# Kindling Maul?



## Swamp Fox (Jan 8, 2010)

I have a "Kindling Maul" that is 15 inches in total length.  It looks like a miniature monster maul with a metal handle that is welded into the wedge shaped head.  I have been looking everywhere for on to buy for my brother-in-law who installed a wood stove this past fall.  I have looked in local stores and done some searching on the internet.  Do they still make these?  If so, anyone know where one can be purchased?


----------



## quads (Jan 8, 2010)

I don't know of one exactly like you describe, but there is a Collins Kindling Splitter that is a tiny maul for kindling.  I thought it was really cute.  On Ace Hardware web site: 
http://www.acehardware.com/product/index.jsp?productId=1335625&kw=splitter&origkw=splitter


----------



## prajna101 (Jan 8, 2010)

Why not just use a hatchet?  Cheap easy available effective and a multitasker.  

t


----------



## John_M (Jan 8, 2010)

I have been using one of these: http://www.amazon.com/Broad-Hatchet...ref=sr_1_7?ie=UTF8&s=hi&qid=1262986015&sr=1-7  for years and cannot imagine any way to improve upon its performance. A real winner for splitting kindling. 

John_M


----------



## LLigetfa (Jan 8, 2010)

I always wanted a shake froe to make kin'lin with.

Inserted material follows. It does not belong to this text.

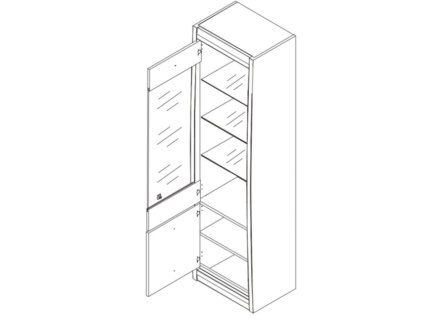 Elegantná vitrína FORREST FR08 je štýlovým a multifunkčným kúskom nábytku, ktorý nájde svoje uplatnenie ako barová skrinka v obývačke alebo v jedálni. Úložný priestor kombinuje dolnú uzatvorenú časť s hornými presklenými dvierkami, ktoré obsahujú sklenené police ideálne na vystavenie dekorácií či fotografií.

http://www.logbuildingtools.ca/images/pic57a_b.jpg


----------



## Battenkiller (Jan 9, 2010)

I use a big ol' meat cleaver... just like the one in my sig line.  Works awesome, and scares the crap out of my in-laws when I come up the stairs with it in my hand and flashing my best Jack Nicholson face.


----------



## Wood Duck (Jan 10, 2010)

I use my 3 lb or so Fiskar's Pro Splitting Axe. It can also be used for large stuff, but it is light enough to use with one hand on the ax, one steadying to wood (until I swing the ax!, then I move the other hand out of the way)


----------



## Backwoods Savage (Jan 10, 2010)

Fast and easy way to make kindling,


----------



## LLigetfa (Jan 10, 2010)

Backwoods Savage said:
			
		

> Fast and easy way to make kindling,


You call that kindling?

This is kin'lin!
http://lh5.ggpht.com/_nX0X4MOKcKI/St4qcE3GFwI/AAAAAAAAAfs/T_jgksXkmwg/s640/100_0392.JPG


----------



## gpcollen1 (Jan 10, 2010)

TriTodd said:
			
		

> Why not just use a hatchet?  Cheap easy available effective and a multitasker.
> 
> t



Night and day like an axe and a maul...not even close...

This is my primary kindling maker as i burn most of the stuff my trees give me when I burn outside or fire up the Q.  The are light enough for swinging freely in the garage and turn a split or 2 into pile of seasoned kindling in minutes.  


This mini maul looks quite a bit like the little monster I have...

http://www.labonville.com/shop/pc/viewPrd.asp?idcategory=64&idproduct=200

This Estwing looks like a badass 4 lbs of splitting magic....

http://www.forestry-suppliers.com/product_pages/View_Catalog_Page.asp?mi=8526#


----------